We invited Roland de Hauke, who is the new owner of the quarry and the nature reserve, to our January 2014 committee meeting. Roland is passionate about trees and restoring natural habitats and has plans to enhance the species mix in both the quarry and reserve, as well as providing a more favourable habitat for birds to breed with more gradual shelving and reed beds on the margins of the water in the quarry and the river. This will involve some blasting of the steep sides of the quarry but the results will be beneficial to both to plants and wildlife. We look forward to working with Roland on the new Management Plan for the reserve.
The former ochre works and Ravens Rock has recently been given Local Nature reserve status by South Gloucestershire Council. The Authority formally declared the site a Local Nature Reserve on 31st March 2005. The wildlife haven is one of seven ‘Wildspaces’ in South Gloucestershire and joins a family of over 1000 LNRs in England.
The local community of Wick are celebrating the recent signing of a 99-year Access and Management Agreement between landowners Cemex and South Gloucestershire Council.
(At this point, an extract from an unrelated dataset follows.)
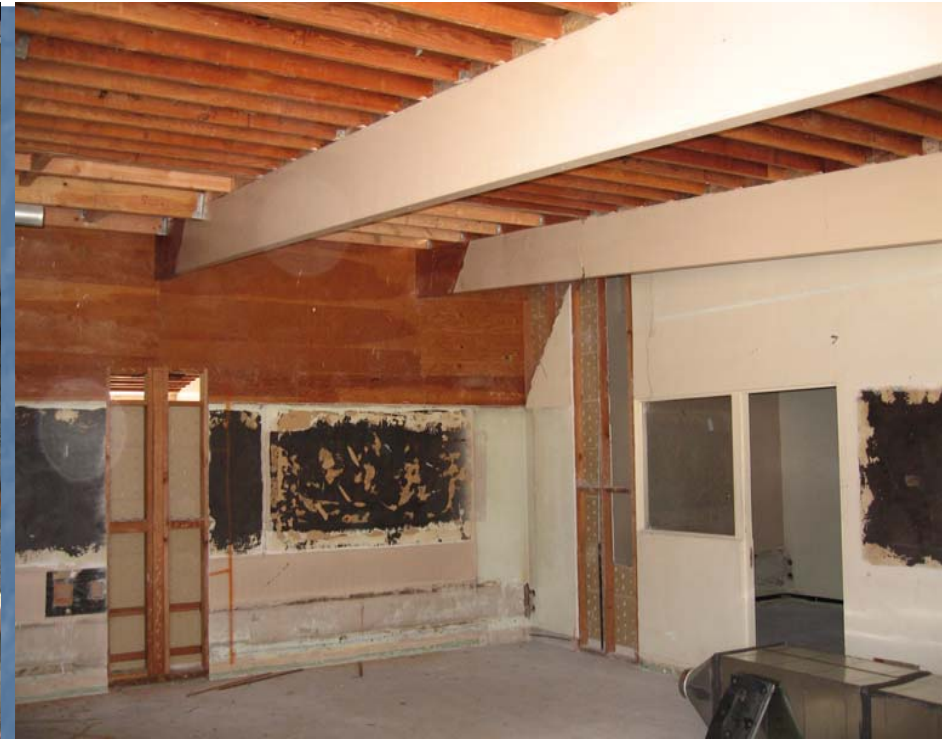
El Cajon Valley High School 500 Bldg - Phase 2B

The agreement was endorsed at a ceremony on 10th February 2005 which was attended by Steve Webb MP, the Regional Director of RMC Aggregates (now Cemex), the Chief Executive of South Gloucestershire Council and the Chair of South Gloucestershire Council. Members of the Friends Group, local children and funding supporters of the project were all on hand to help celebrate this important milestone.
We are all waiting to see if the peregrine falcons return to their nesting site at Wick Quarry again this year. If so it will be the 10th year they will have successfully raised their young at the active aggregates quarry.
To mark the anniversary a unique project has been devised by the Wildspaces Partnership Project. This year for the first time a webcamera has been installed close to the nesting site. If all goes well we should be able to see the pair of peregrines night and day through the nesting season. As far as we know this is the first such camera in an active quarry.
The project involves the landowners Cemex, South Gloucestershire Council, The Hawk and Owl Trust, English Nature and Eco-Watch. The camera and its installation was funded through English Nature and DEFRA’s Aggregates Levy Sustainability Fund.
A website is currently being built to enable local people and people from around the world to look in on the falcons.
Two underground tunnels have been given a make over to attract local bats to the reserve. With funding from English Nature the disused turbine shafts have been converted to enable bat to hibernate during the winter.
In a joint project between South Gloucestershire Council, the Friends of Wick Golden Valley, Cemex, the Avon Bat Group and the Batscapes Project, we have been able to create new habitats for the 7 different species of bats found at the site to use.
The environmental fund to compensate communities affected by the quarrying industry, which has been administered by DEFRA is drawing to a close at the end of March 2011.
Although the tax will remain in place for the quarry industry the funds raised will now go directly to the Treasury.
The reserve has benefited greatly from this fund, improving access by helping to provide the steps up to the weir, funding the boundary wall restoration around Ravens Rock, the restoration of the grade II Winding House and the construction of the outdoor classroom. It has also paid for much of the conservation work, including the tree works.
We will now endeavour to seek funds from elsewhere to maintain the reserve to the high standard we have achieved to date.